HENMT1 is involved in the maintenance of normal female fertility in the mouse.

PIWI-interacting small RNAs (piRNAs) maintain genome stability in animal germ cells, with a predominant role in silencing transposable elements. Mutations in the piRNA pathway in the mouse uniformly lead to failed spermatogenesis and male sterility. By contrast, mutant females are fertile. In keeping with this paradigm, we previously reported male sterility and female fertility associated with loss of the enzyme HENMT1, which is responsible for stabilising piRNAs through the catalysation of 3'-terminal 2'-O-methylation. However, the Henmt1 mutant females were poor breeders, suggesting they could be subfertile.

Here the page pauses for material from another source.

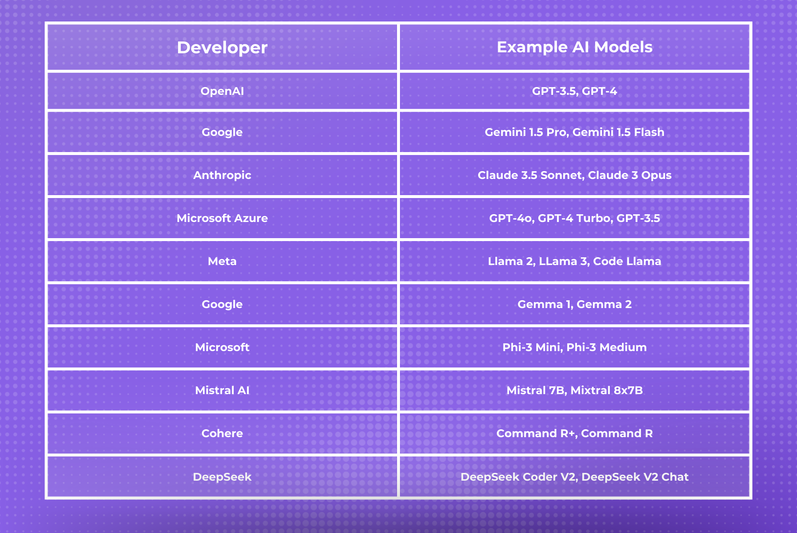 Here’s a quick breakdown of some prominent developers and their AI models:
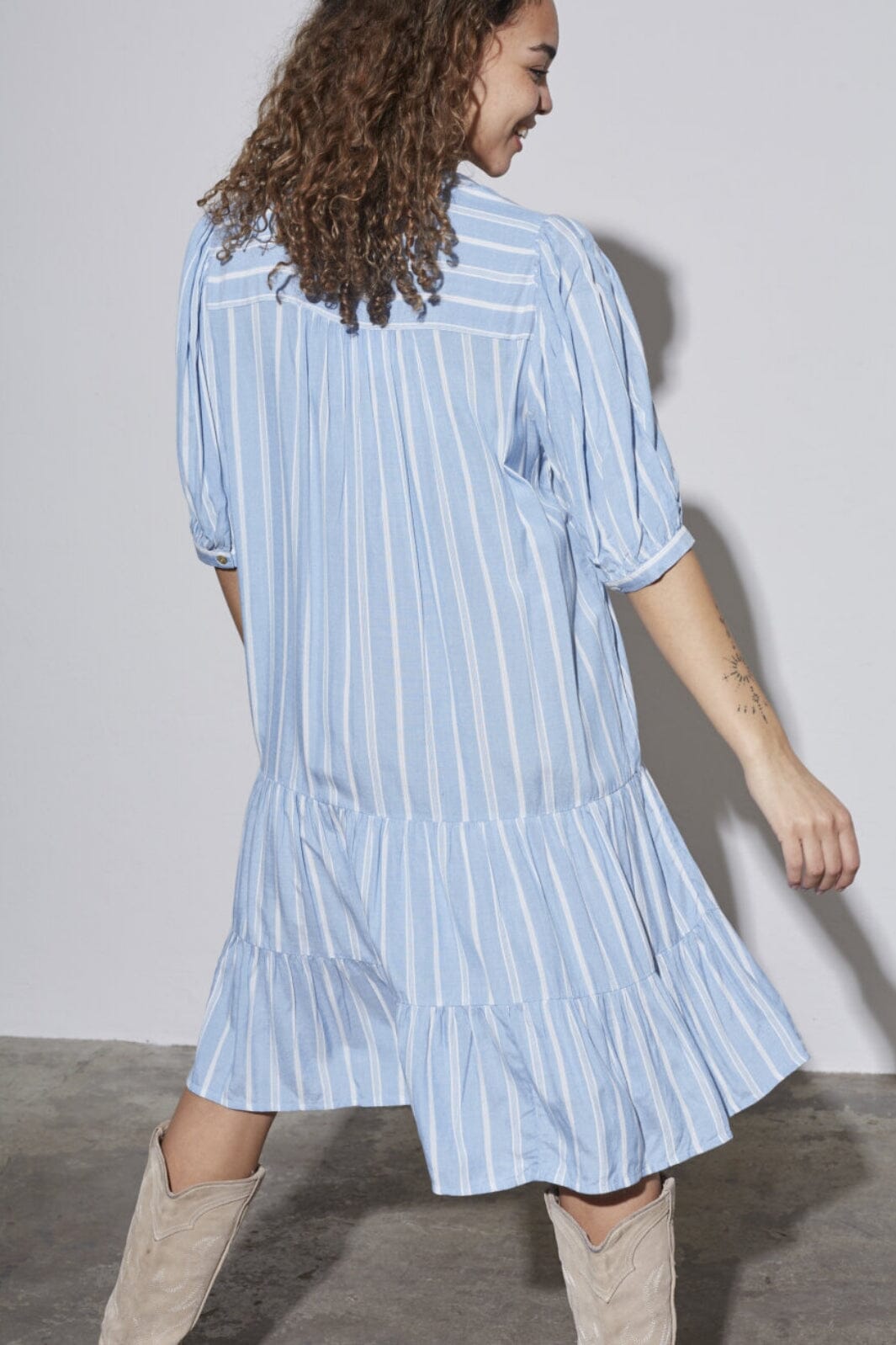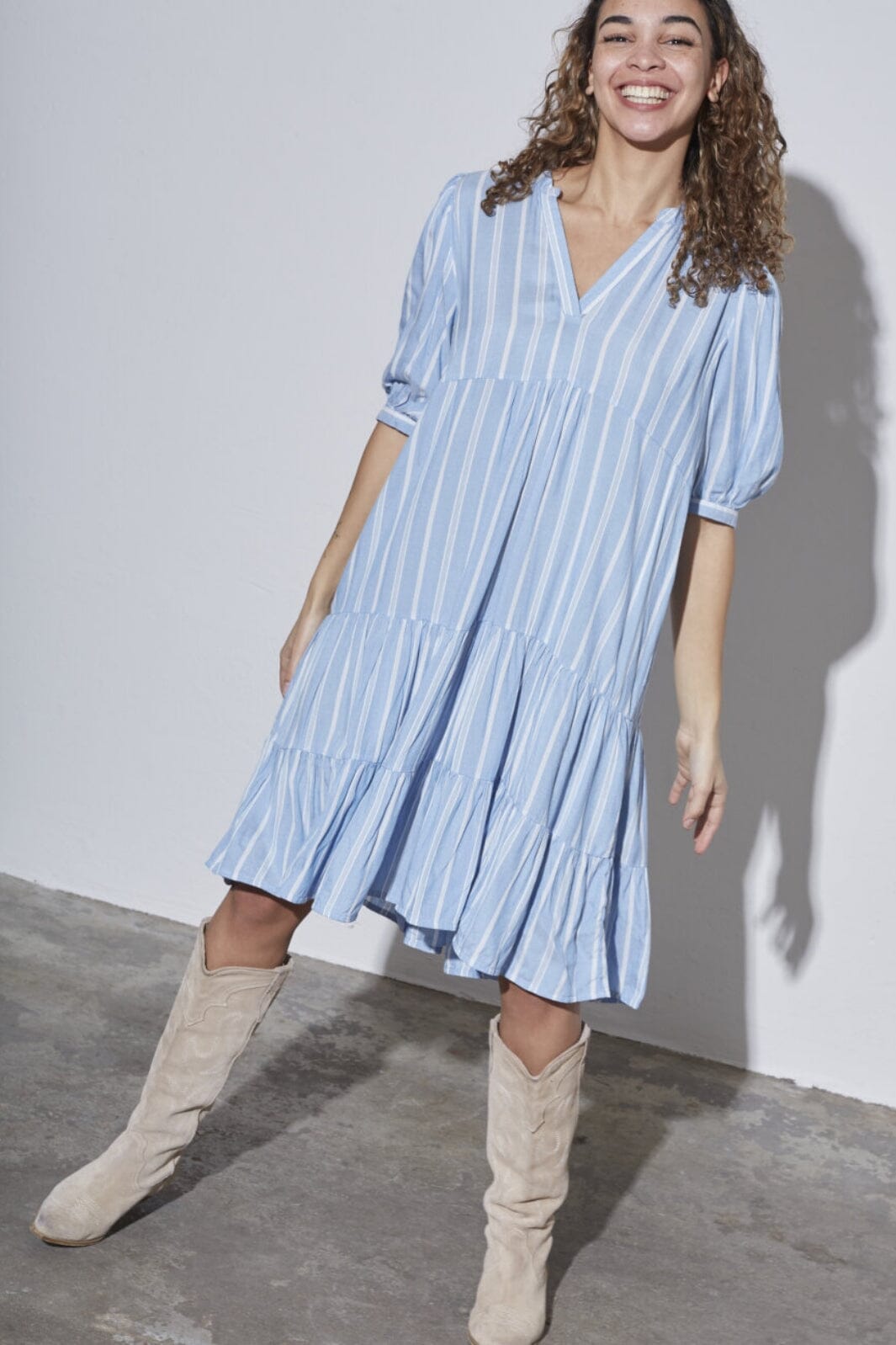Gestreepte jurk van Sisters Point in lichtblauw en crème. De jurk heeft een losse pasvorm met peplum-details en driekwartlange pofmouwen, wat een vrouwelijke uitstraling geeft.

Therefore, we investigated oogenesis and female fertility in these mice in greater detail. Here, we show that mutant females indeed have a 3- to 4-fold reduction in follicle number and reduced litter sizes. In addition, meiosis-II mutant oocytes display various spindle abnormalities and have a dramatically altered transcriptome which includes a down-regulation of transcripts required for microtubule function. This down-regulation could explain the spindle defects observed with consequent reductions in litter size. We suggest these various effects on oogenesis could be exacerbated by asynapsis, an apparently universal feature of piRNA mutants of both sexes. Our findings reveal that loss of the piRNA pathway in females has significant functional consequences.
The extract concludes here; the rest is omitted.